Transformation

Description

Mapping one vector from one vector space into another vector space by a function.

Function: \(f: \vec{a} \rightarrow \vec{b}\)

Domain: \(f: R_n \rightarrow R_m\)

Transformations

Linear Transformation (Linear Map)

A linear map (also called a linear mapping, linear transformation, vector space homomorphism, or in some contexts linear function) is a mapping \(\vec{v}\) to \(\vec{w}\) between two vector spaces that preserves the operations of vector addition and scalar multiplication.

Rules:

• \(\vec{a}, \vec{b} \in \mathbb{R}^n\)
• \(T(\vec{a} + \vec{b}) = T(\vec{a}) + T(\vec{b})\)
• \(T(c \vec{a}) = c \, T(\vec{a})\)

We can always show a linear transformation via a matrix-vector product, like this: \(T(\vec{x}) = A\vec{x}\)

Rotation Transformation

\(R = \begin{bmatrix} \cos \theta & -\sin \theta \\ \sin \theta & \cos \theta \end{bmatrix}\)
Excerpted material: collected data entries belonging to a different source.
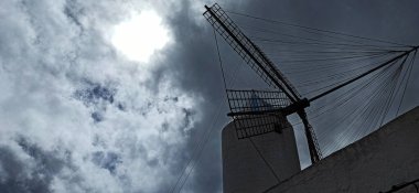 Kırsal bir açık hava müzesinde ahşap yel değirmeni. Gün ortasında çekilen sergi, gece mevsimi gibi görünmeye ayarlandı..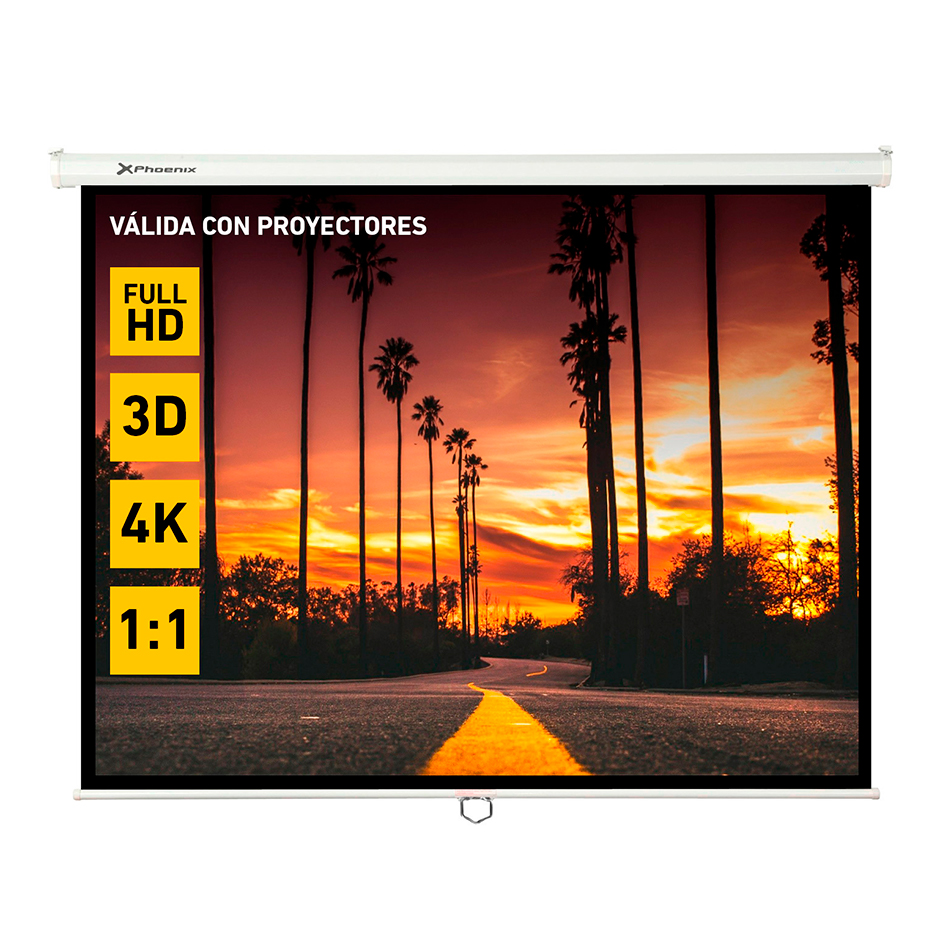 Pantalla de proyección manual plegable de 2 x 2 metros y 112″ blanco mate con cajetín de acero ideal para cine en casa, aulas de colegios, salas de conferencias, etc. Esta pantalla de proyección se despliega fácilmente con solo tirar de la anilla pudiéndolas parar donde quieras y adaptarlas así al formato que te interese 1:1, 4:3 y 16:9.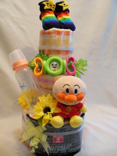 大人気アンパンマンの豪華3段おむつケーキ!おむつもたっぷりでハンドタオル、哺乳瓶、おもちゃやベビーソックスなどアイテムも充実。喜ばれる事間違いなしですね!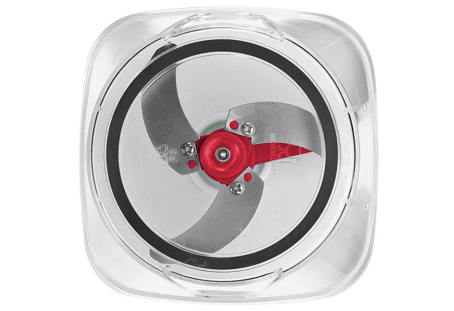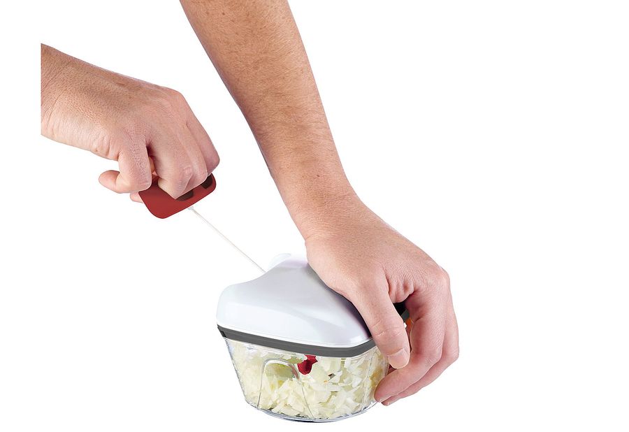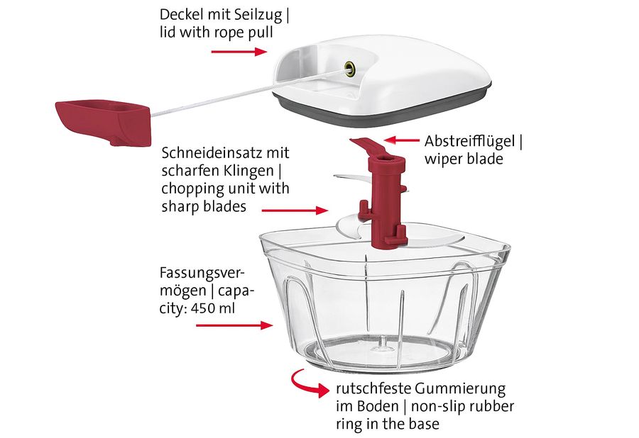 Edelstahl, PP, ABS, POM, PS, TPE, einfaches und schnelles Zerkleinern von Obst, Gemüse, Kräutern und Nüssen, sehr scharfe Klingen, rutschfester Boden, leicht zu bedienender Seilzug, nicht spülmaschinengeeignet·weiß-rot 450 ml, (LxBxH): 11,7x11,7x10 cm
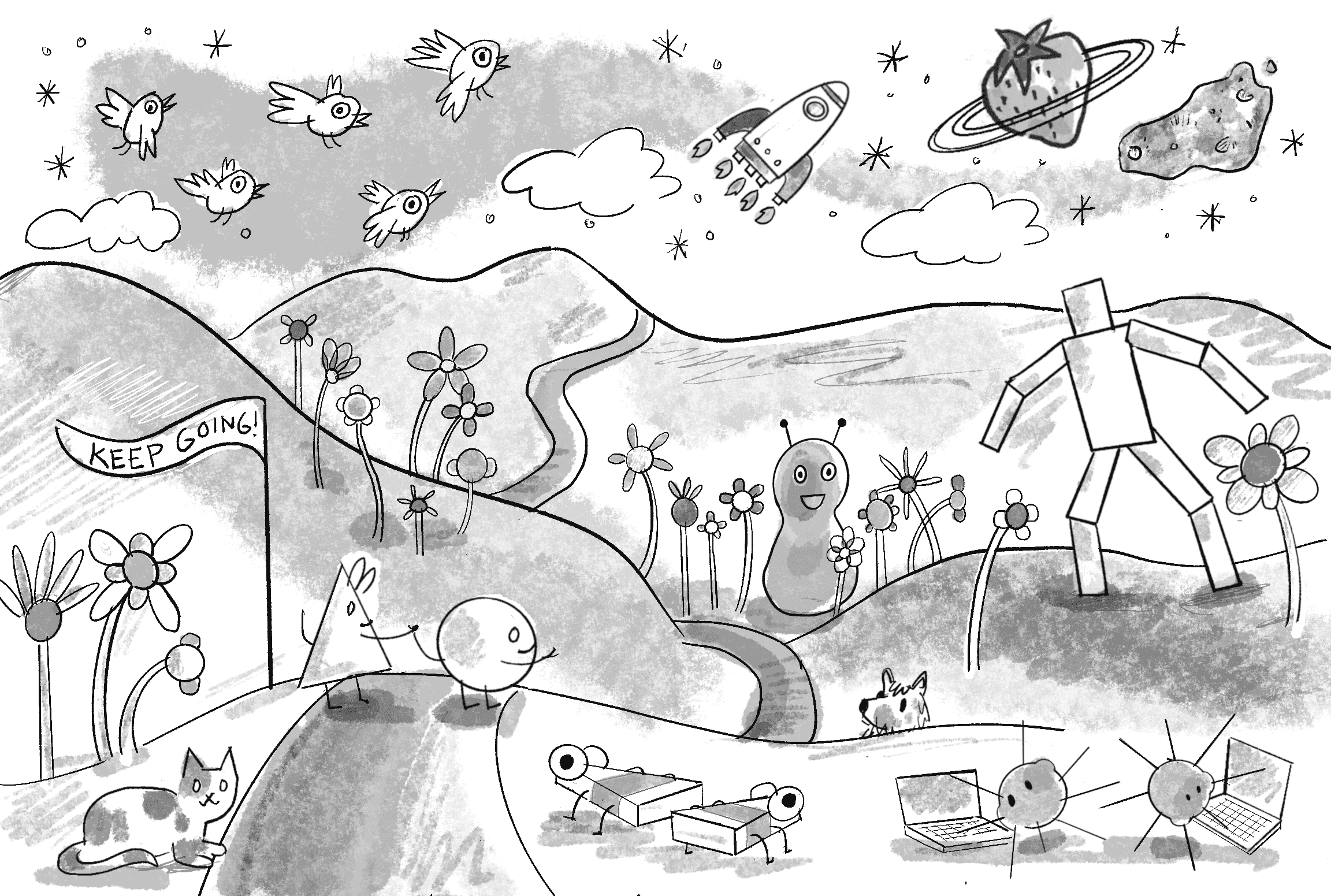 However, Chapter 10 merely scratched the surface of working with data and neural network–based machine learning—a vast landscape that would require countless sequels to this book to cover comprehensively. My goal was never to go deep into neural networks, but simply to establish the core concepts in preparation for a grand finale, where I find a way to integrate machine learning into the world of animated, interactive p5.js sketches and bring together as many of our new Nature of Code friends as possible for one last hurrah.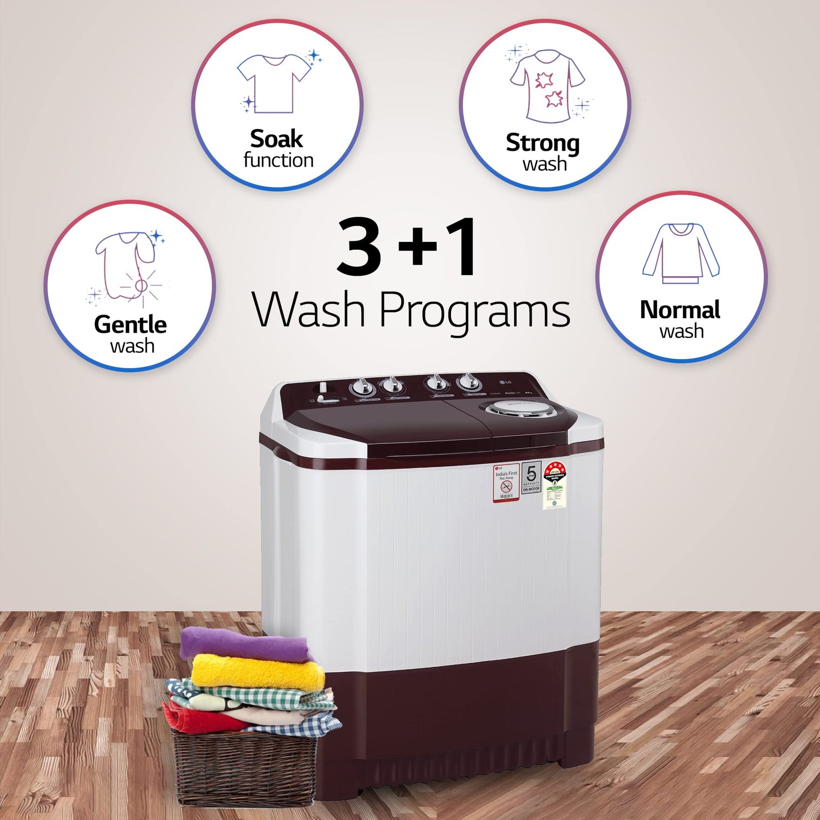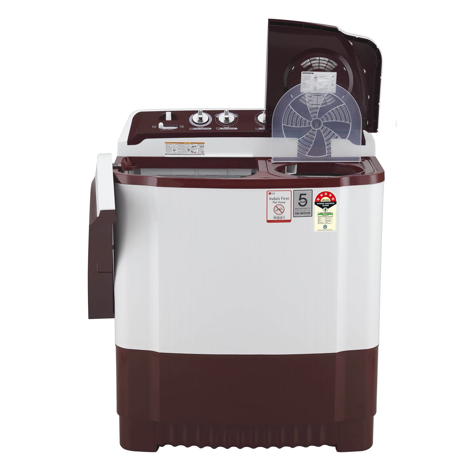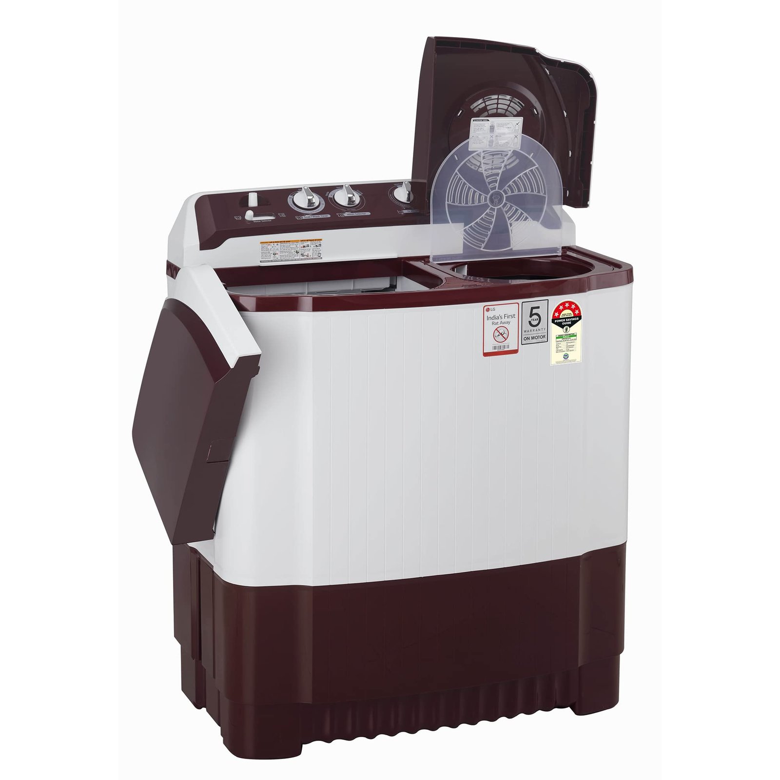 • LG 8.5 kg 5 Star Semi-Automatic Top Load Washing Machine (P8530SRAZ, Burgundy, Roller Jet Pulsator)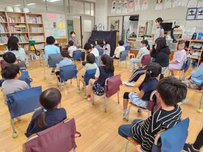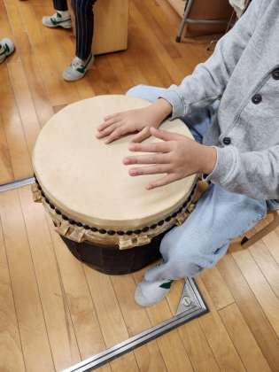 それぞれの太鼓の特徴の説明をしっかり聞いて、体験しています。
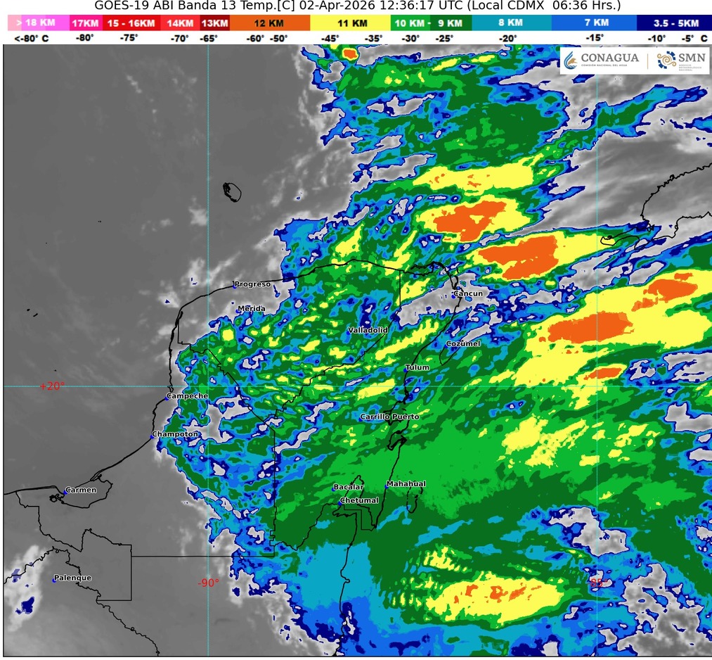 El estado de Quintana Roo inicia este 2 de abril con cielo nublado, ambiente cálido y condiciones variables de lluvia, especialmente hacia el centro y sur del territorio. Mientras la zona norte amanece con estabilidad atmosférica, el resto del estado se mantiene bajo vigilancia por chubascos y lluvias fuertes, acompañadas de rachas de viento moderadas.

\(Rv = \begin{bmatrix} \cos \theta & -\sin \theta \\ \sin \theta & \cos \theta \end{bmatrix} \begin{bmatrix} x \\ y \end{bmatrix} = \begin{bmatrix} x \cos \theta - y \sin \theta \\ x \sin \theta + y \cos \theta \end{bmatrix}\)

Transformation Types

• Onto: If \(T(\vec{x}) = A_{m \times n} \vec{x}\) then \(Rank(A) = m\)
• One-to-One: If \(T(\vec{x}) = A_{m \times n} \vec{x}\) then \(Rank(A) = n\)
• Invertible: There should be a onto and one-to-one transformation

Operations

Addition

• \(T(u+v) = T(u) + T(v)\)
• \((T+S)(\vec{x}) = T(x) + S(x) = Ax + Bx = (A+B)x\)

Multiplication

• \(T(cu) = cT(u)\)
• \((cT)(\vec{x}) = c(T(x)) = c(Ax) = (cA)x\)